▸ Task to carry out
The required output is the stretch from the line containing "Misa Los Angeles" through the line containing "les plus attentistes." in the records below, unaltered and with no pictures.

▸ Information
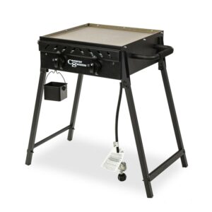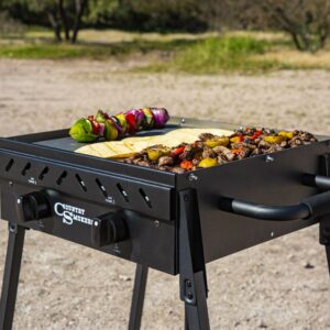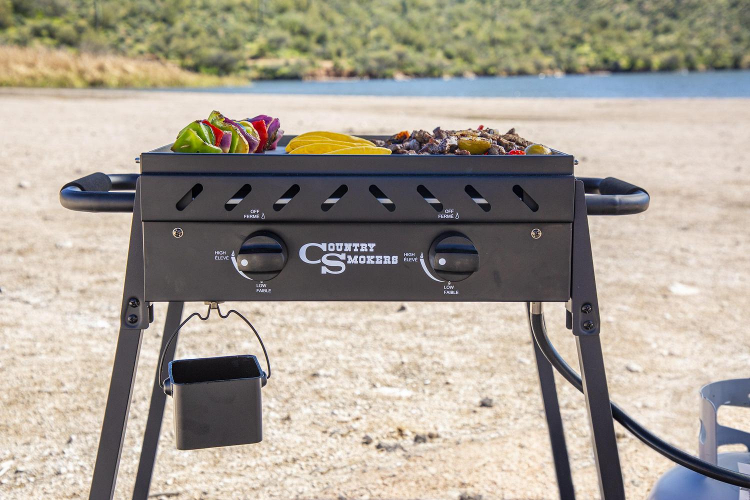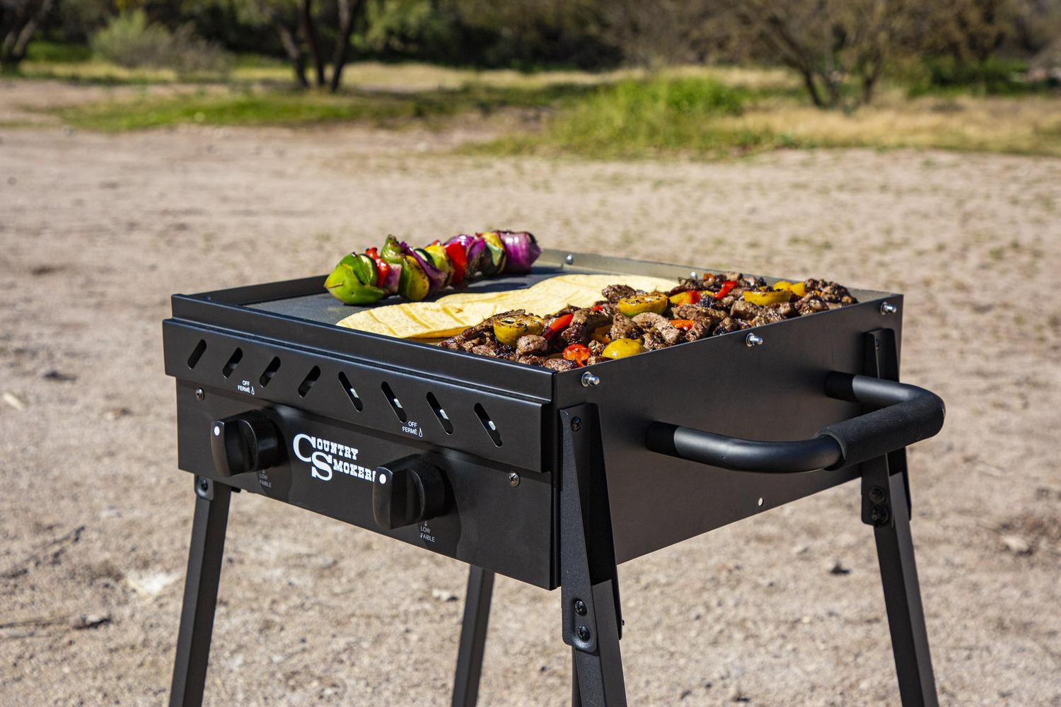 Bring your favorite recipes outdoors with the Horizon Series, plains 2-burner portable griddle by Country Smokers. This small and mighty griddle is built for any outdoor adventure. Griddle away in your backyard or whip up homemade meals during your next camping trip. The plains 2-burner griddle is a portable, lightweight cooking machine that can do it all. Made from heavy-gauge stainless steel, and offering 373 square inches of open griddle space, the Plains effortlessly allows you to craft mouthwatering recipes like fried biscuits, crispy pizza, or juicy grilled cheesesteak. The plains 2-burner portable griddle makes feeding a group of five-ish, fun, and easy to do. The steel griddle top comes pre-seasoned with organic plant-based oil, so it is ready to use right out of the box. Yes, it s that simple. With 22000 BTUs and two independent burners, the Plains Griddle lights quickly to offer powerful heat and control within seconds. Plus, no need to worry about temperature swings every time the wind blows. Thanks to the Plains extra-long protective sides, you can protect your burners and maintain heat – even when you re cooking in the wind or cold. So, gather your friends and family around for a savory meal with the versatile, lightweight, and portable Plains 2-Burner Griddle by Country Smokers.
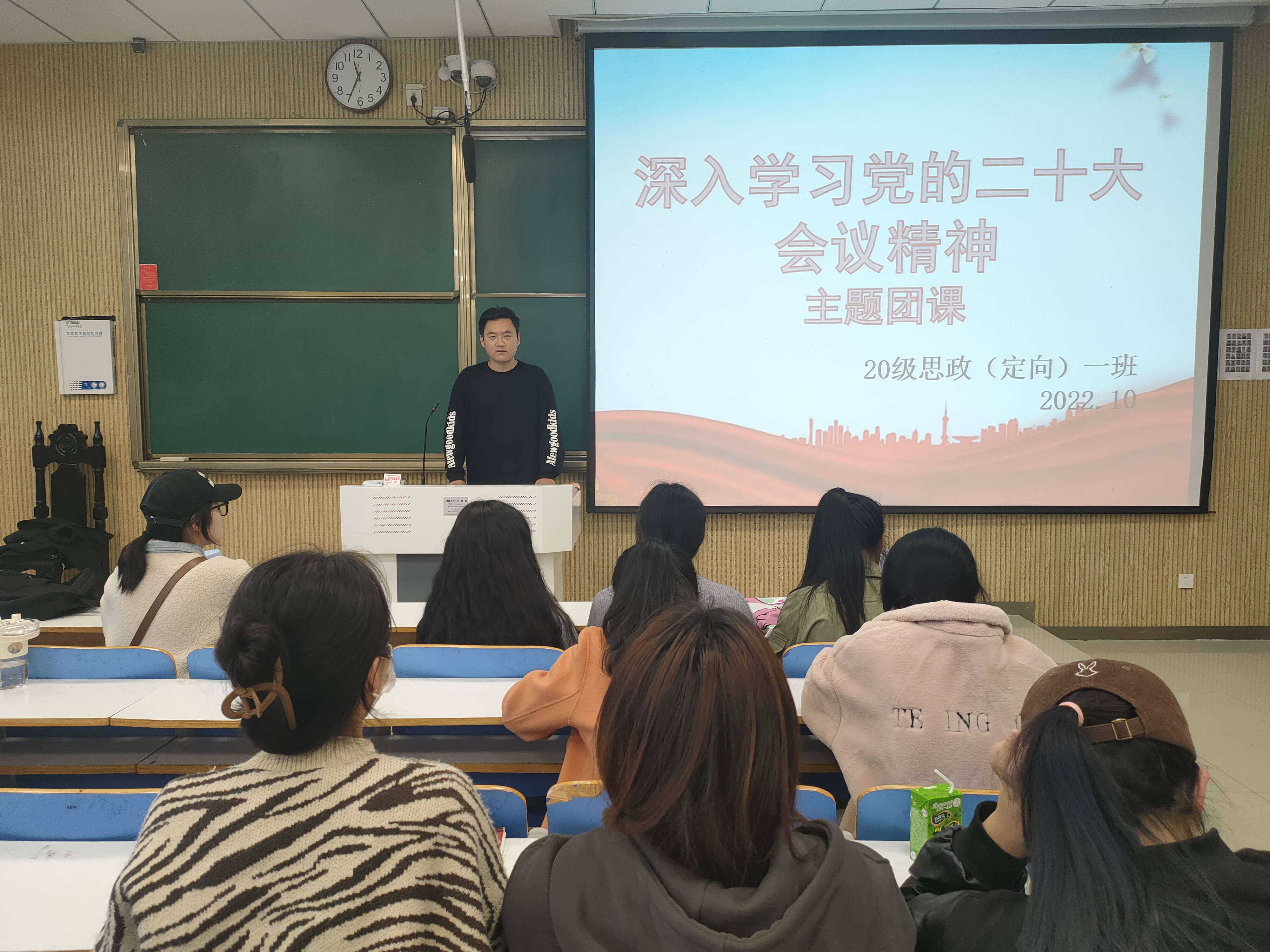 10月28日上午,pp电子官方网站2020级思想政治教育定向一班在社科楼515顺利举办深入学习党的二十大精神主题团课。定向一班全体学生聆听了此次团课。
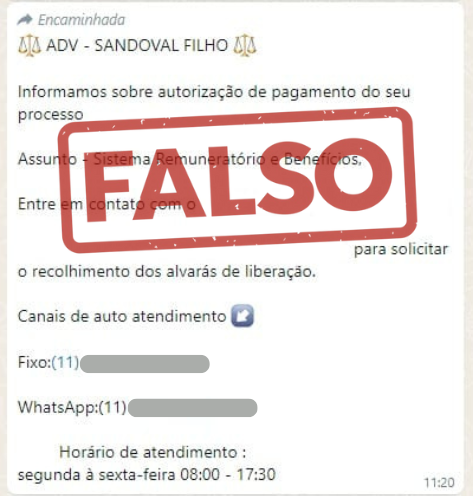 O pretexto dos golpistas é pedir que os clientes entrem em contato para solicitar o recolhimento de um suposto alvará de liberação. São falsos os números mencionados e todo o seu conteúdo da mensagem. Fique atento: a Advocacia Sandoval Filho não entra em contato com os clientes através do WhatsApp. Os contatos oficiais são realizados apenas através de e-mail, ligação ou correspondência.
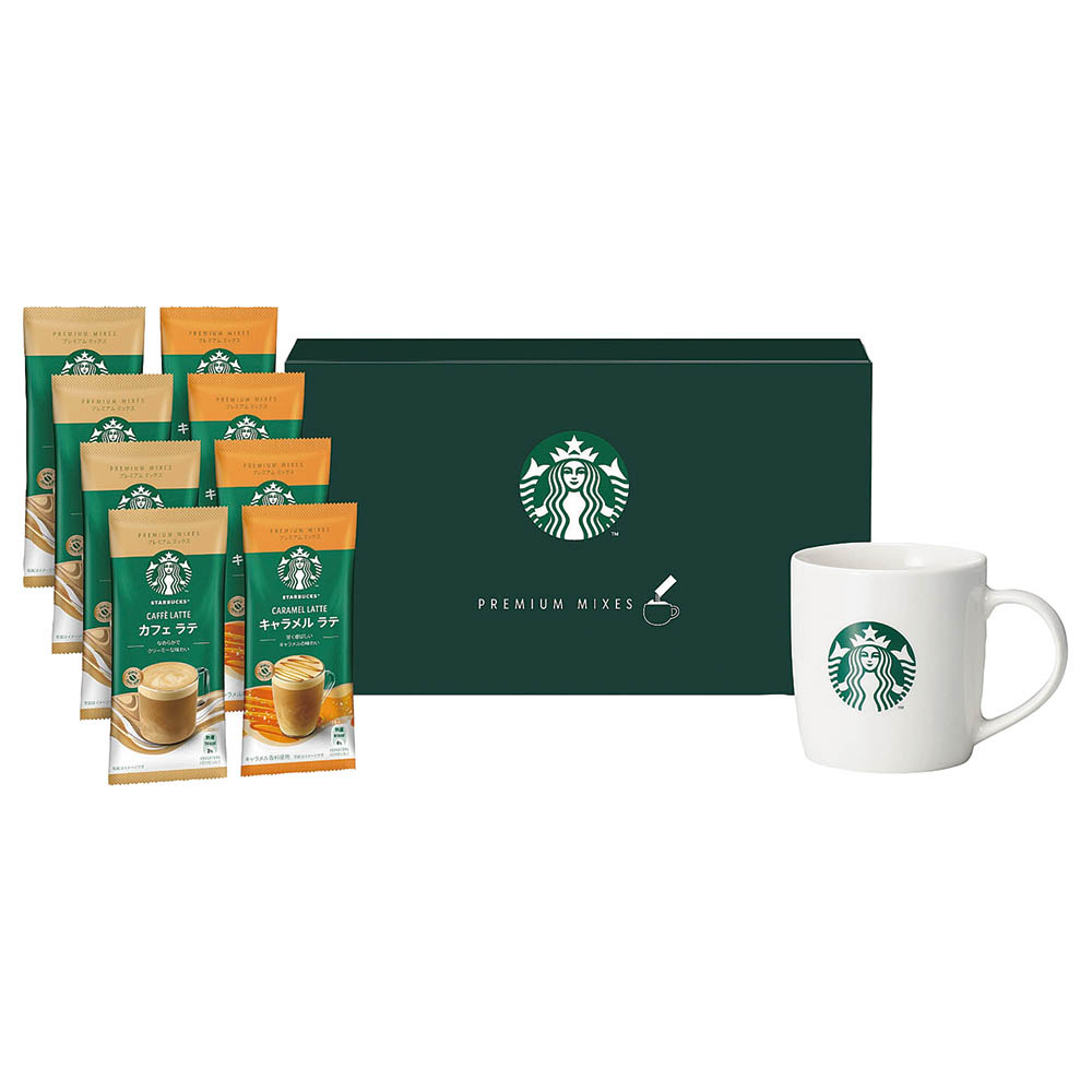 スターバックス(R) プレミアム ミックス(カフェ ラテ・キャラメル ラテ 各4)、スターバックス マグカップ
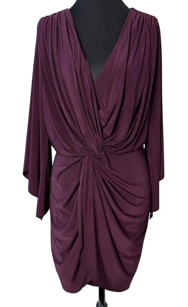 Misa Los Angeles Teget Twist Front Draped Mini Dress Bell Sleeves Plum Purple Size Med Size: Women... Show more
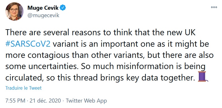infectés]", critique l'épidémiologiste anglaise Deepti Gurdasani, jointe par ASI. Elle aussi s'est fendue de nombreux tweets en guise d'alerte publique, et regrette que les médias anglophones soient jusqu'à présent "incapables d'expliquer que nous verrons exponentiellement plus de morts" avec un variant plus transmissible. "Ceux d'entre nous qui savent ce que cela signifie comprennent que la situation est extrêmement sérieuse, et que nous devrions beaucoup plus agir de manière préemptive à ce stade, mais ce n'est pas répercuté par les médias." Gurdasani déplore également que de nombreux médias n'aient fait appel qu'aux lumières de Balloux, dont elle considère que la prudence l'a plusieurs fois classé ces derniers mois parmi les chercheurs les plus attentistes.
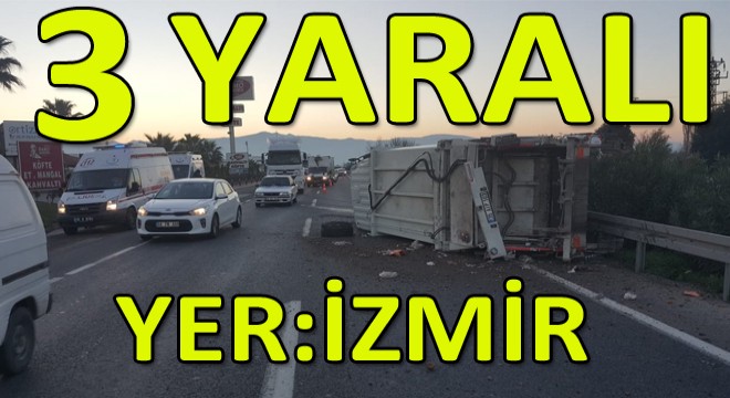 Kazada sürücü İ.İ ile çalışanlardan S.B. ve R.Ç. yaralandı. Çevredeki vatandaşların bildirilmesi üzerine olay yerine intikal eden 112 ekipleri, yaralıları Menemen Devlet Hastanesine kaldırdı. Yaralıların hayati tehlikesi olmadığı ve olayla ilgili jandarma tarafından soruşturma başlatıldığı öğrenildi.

▸ Expected output
 Misa Los Angeles Teget Twist Front Draped Mini Dress Bell Sleeves Plum Purple Size Med Size: Women... Show more
infectés]", critique l'épidémiologiste anglaise Deepti Gurdasani, jointe par ASI. Elle aussi s'est fendue de nombreux tweets en guise d'alerte publique, et regrette que les médias anglophones soient jusqu'à présent "incapables d'expliquer que nous verrons exponentiellement plus de morts" avec un variant plus transmissible. "Ceux d'entre nous qui savent ce que cela signifie comprennent que la situation est extrêmement sérieuse, et que nous devrions beaucoup plus agir de manière préemptive à ce stade, mais ce n'est pas répercuté par les médias." Gurdasani déplore également que de nombreux médias n'aient fait appel qu'aux lumières de Balloux, dont elle considère que la prudence l'a plusieurs fois classé ces derniers mois parmi les chercheurs les plus attentistes.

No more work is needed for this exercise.